# Dewan Pers - Geocode

---

## Import modules

In [1]:
# Module for data manipulation
import pandas as pd
# Module for linear algebra
import numpy as np
# Module for reverse geocode - OpenstreetMap API
import geopy
from geopy.geocoders import Nominatim
# Module for reverse geocode - limit
from geopy.extra.rate_limiter import RateLimiter
from geopy.exc import GeocoderTimedOut
# Module for time calculation
import time

## Geocode

**Load the data**

In [2]:
df = pd.read_csv('../data/raw/raw_dewan_pers.csv', sep = ';')
print('Dimension of data: {rows} rows and {cols} columns'.format(rows = len(df), cols = len(df.columns)))
df.head()

Dimension of data: 1621 rows and 13 columns


Unnamed: 0,Number,Nama Media,Jenis Media,Penanggung Jawab,Pemimpin Redaksi,Badan Hukum,Provinsi,Alamat,Telp,Email,Website,Status,Tgl Approve
0,1,kaltimtoday.co,Siber,Maturidi,Maturidi,Media mandiri perkasa,Kalimantan Timur,"Jalan a wahab syahrani gang walet 1 No 2, sama...",082216557666,kaltimtoday99@gmail.com,www.kaltimtoday.co,Terverifikasi Administratif,2021-07-05
1,2,Tekape.co,Siber,Indar Ismail Jamaluddin,Indar Ismail Jamaluddin,Tempat Kreatifitas Anak Muda Pore,Sulawesi Selatan,"Perumahan New Graha Jannah Zarindah, Blok B3/3...",0853 9696 8189,redaksi@tekape.co | redaksitekape@gmail.com,https://tekape.co/,Terverifikasi Administratif,2021-07-05
2,3,digtara.com,Siber,Irwansyah Putra Nasution,Irwansyah Putra Nasution,MEDIA IBE NUSANTARA,Sumatera Utara,Komplek Taman Setia Budi Indah Blok JJ 10,0821-6648-2003/0852-6109-5279,redaksidigtara@gmail.com,digtara.com,Terverifikasi Administratif dan Faktual,2021-06-30
3,4,CNBC Indonesia,Televisi,Wahyu Daniel Panjaitan,Wahyu Daniel Panjaitan,Trans Berita Bisnis,DKI Jakarta,"Gedung Transmedia Lantai 3A, Jl.

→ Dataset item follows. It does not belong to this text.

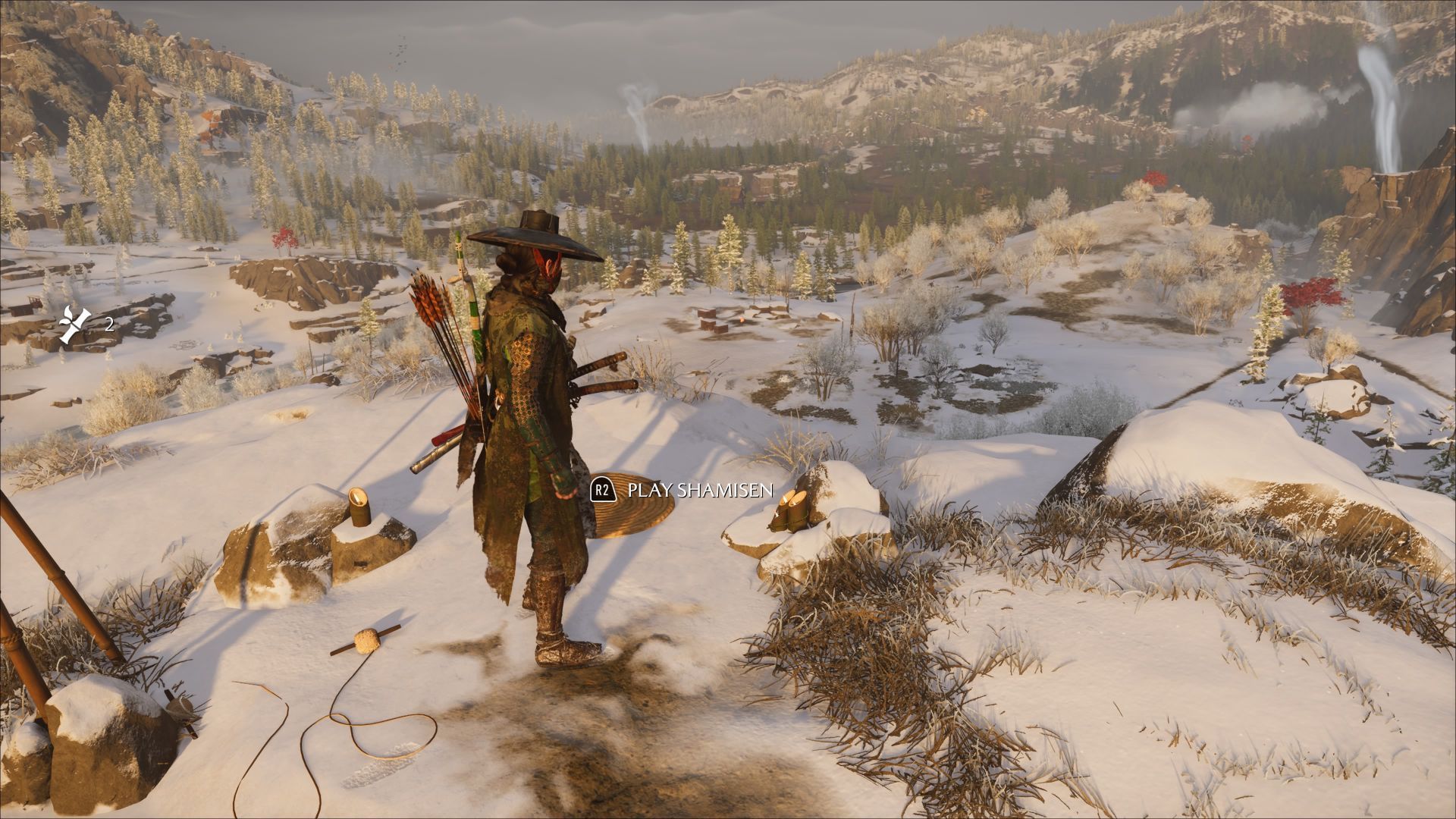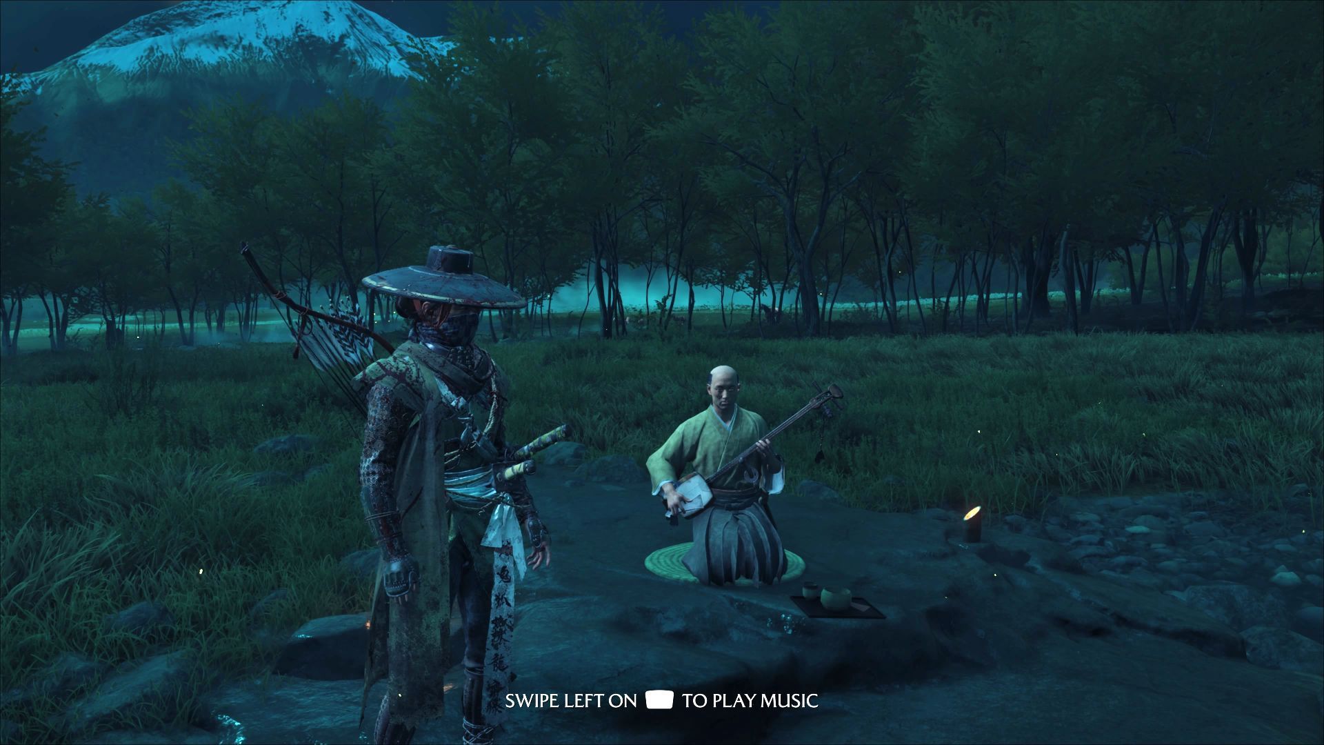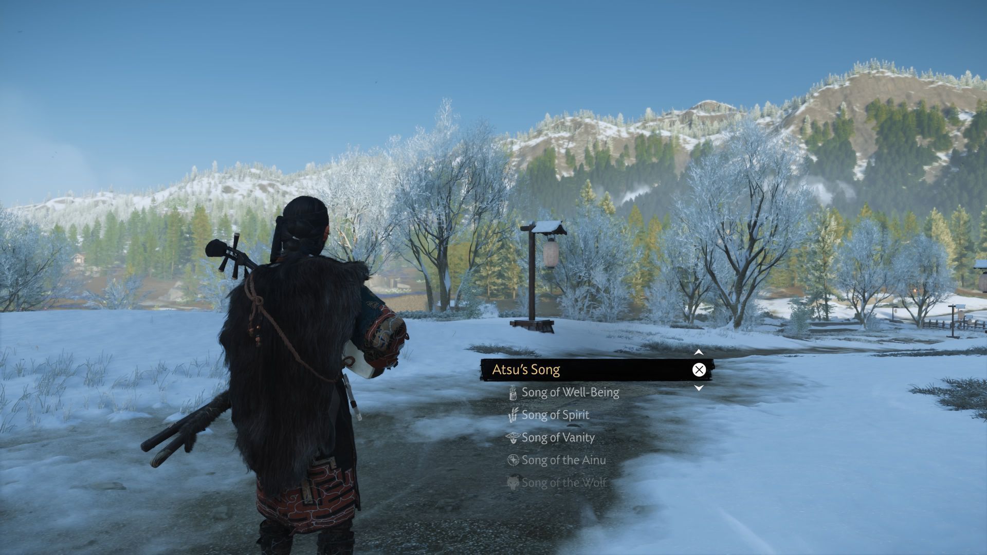 - Visit the Musician's Camp in the Tokachi Range region. Here, you'll encounter a ronin playing a shamisen. You can give him some coins and then play the song for him. Eventually, Atsu will learn a new melody.

Kapten P. Ten...",021-79177000,legaltbb@gmail.com,www.cnbcindonesia.com,Terverifikasi Administratif dan Faktual,2021-06-30
4,5,Swara Kaltim,Cetak,Muhammad Syafranuddin,Mohammad Abdun Kuddu,Media Swara Kaltim,Kalimantan Timur,JL. Gerilya Gg. Keluarga Rt. 102 No. 027 Kelur...,0541 731240,mediaswarakaltim@yahoo.com,https://swarakaltim.com,Terverifikasi Administratif dan Faktual,2021-06-30


**Create a geocode function**

In [3]:
def geocoder(
    area_admin: str
    ):
    # Create vectorizer
    time.sleep(1)
    geolocator = Nominatim(user_agent = 'myGeocoder')
    geocode = RateLimiter(geolocator.geocode, min_delay_seconds = 1.5)
    # Create a list
    list_split = list(area_admin.split(' '))
    try:
        status = True
        index = len(list_split)
        while status:
            location = geocode(' '.join(list_split[::-1][0:index]), timeout = 10000)
            status = (location == None)
            index -= 1
    except GeocoderTimedOut as e:
        print('Error: geocode failed on input {} with message {}'.format(area_admin, e.message))
    try:
        json_result = {
            'latitude': location.latitude,
            'longitude': location.longitude,
            'address': location.address
            }
    except:
        json_result = {
            'latitude': None,
            'longitude': None,
            'address': None
            }
    return json_result['address'], json_result['latitude'], json_result['longitude']

**Trial and error**

In [4]:
location = 'Griya Nusa Pesona Blok I No 4 Kelurahan Talang Kelapa Kecamatan Alang-Alang Lebar'
print(location)

Griya Nusa Pesona Blok I No 4 Kelurahan Talang Kelapa Kecamatan Alang-Alang Lebar


In [5]:
loc, lat, long = geocoder(area_admin = location)
print('Location from OSM API: {loc}'.format(loc = loc))
print('Latitude             : {lat}'.format(lat = lat))
print('Longitude            : {long}'.format(long = long))

Location from OSM API: Alang Alang Lebar, Palembang, Sumatera Selatan, 30154, Indonesia
Latitude             : -2.9165496
Longitude            : 104.6814308


**Implement to data frame**

In [None]:
df[['Address Geocoder', 'Latitude', 'Longitude']] = df.apply(
    lambda x: geocoder(x['Alamat']),
    axis = 1,
    result_type = 'expand'
)

In [None]:
loc_idx = []
lat_idx = []
long_idx = []
time_idx = []
elem_idx = []
for idx in range(len(df)):
    location = df.loc[idx,'Alamat']
    # Time
    start_time = time.time()
    loc, lat, long = geocoder(area_admin = location)
    # Time
    end_time = time.time()
    # Append the value
    elem_idx.append(idx)
    time_idx.append(round(end_time - start_time, ndigits = 2))
    loc_idx.append(loc)
    lat_idx.append(lat)
    long_idx.append(long)
    # Print the index
    print(idx, '->', loc)

In [None]:
df.head()